Peak oil and waste
A week ago, while sitting in my car with the engine off waiting for my wife, a car pulled up beside me and the driver went into a store, leaving his car and the air conditioning running. I guess his spouse could not bother to roll down the windows instead. He returned five minutes later (I did time this). This told me that the price of gasoline is much too low. I suspect that this is not an uncommon event across North America. Indeed, every school day I see parents drive their children to school, creating a traffic jam in the process, rather than walk them the few blocks.
In Canada we continue to invest tens of billions of dollars in the oil sands, investments that distort the economy and may never generate the expected returns. (Can one spell bailout?) Regardless of one’s position on global warming, the oil sands will be for Canada what the Gulf of Mexico blow out is for BP.
I continue to watch, partly in horror and partly in amusement, as BP struggles in a Clouseau-like manner to cap its runaway oil rig. The costs of this disaster will run well into the tens of billions of dollars . If BP had anticipated this possibility and cost, would the company have drilled the wells in the first place? Probably not if the company knew that it would be entirely responsible for the costs. Do we need oil this badly?
Recently, I read another article predicting the coming of peak oil and future prices between US$150 and US$300 per barrel. If oil prices reach only $200 a barrel, the U.S. trade deficit increases by another $300 to $400 billion. As well, the following countries will reap enormous windfall gains anually (relative to the current price of $70): Iran – $220 billion; Saudi Arabia – $435 billion; and Venezuela – $125 billion. What might the geo-political landscape look like in this scenario?
Overlay this with the U.S. Government running a budget deficit well in excess of $1 trillion, and it is obvious that a real carbon tax, one in the $200 to $300 per ton range, is necessary. This would greatly alter the use of energy in the U.S. and drive down world oil prices. The repercussions for oil exporting countries are obvious.
The period until peak oil arrives, assuming the theory is right, would be stretched out many decades. Other countries might appear to gain a trade advantage as a result, but the U.S. could use its multiple trade laws to eliminate any such advantages and maintain the competitive position of U.S.-based companies in world markets.

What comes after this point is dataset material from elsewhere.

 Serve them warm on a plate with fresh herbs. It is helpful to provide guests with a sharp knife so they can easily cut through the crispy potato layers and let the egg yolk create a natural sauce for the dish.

Part of the revenues generated could be used to reduce the budget deficit. Most should be used to reduce income taxes. The U.S. trade deficit would decline sharply, eliminating another one of the imbalances blamed for the financial and economic crisis of the last few years.

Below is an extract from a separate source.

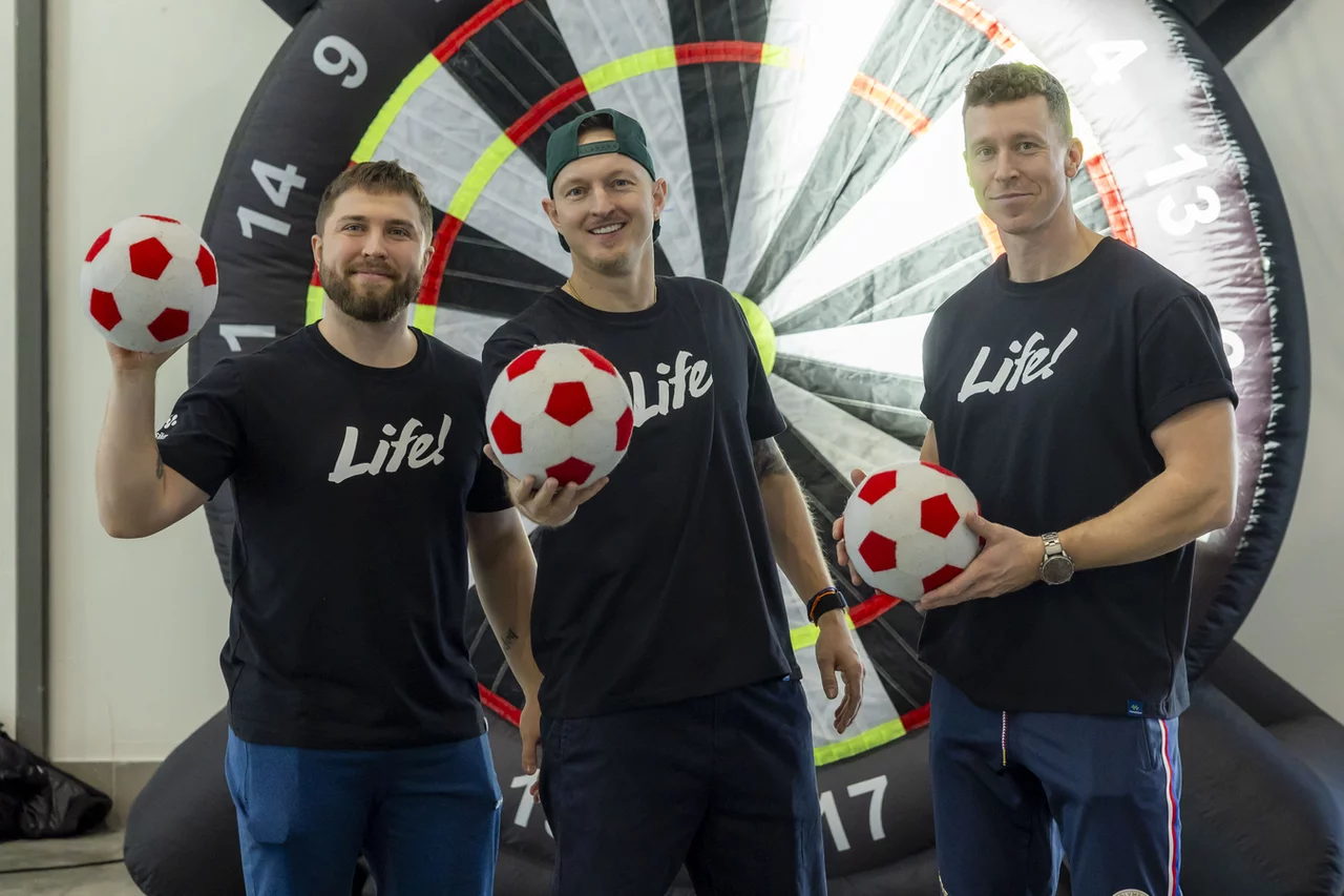 Další výzvou byl fotbalový terč od Zbrojovky Brno. Martin Pek, který má k fotbalu díky své freestylové průpravě blízko, se okamžitě chopil balónu a trefoval zásahy s úsměvem. Tomáš Bábek překvapil nejen přesností, ale i odhodláním – a Adam Mendrek předvedl cit pro pohyb, který využívá při badmintonu. Soutěžili mezi sebou s lehkostí i humorem a bavili všechny okolo.

Innovation would be spurred in the U.S., and energy efficiency would improve dramatically as a result. So too would the competitiveness of new industries created in the United States.
Off-shore drilling for oil would become unnecessary as would new oil sands capacity.
So what stands in the way of the U.S. Government doing the obvious? Politics and the belief or fear of politicians that the electorate is both selfish and stupid.
The opinions expressed are personal and do not reflect the views of either Global Brief or the Glendon School of Public and International Affairs.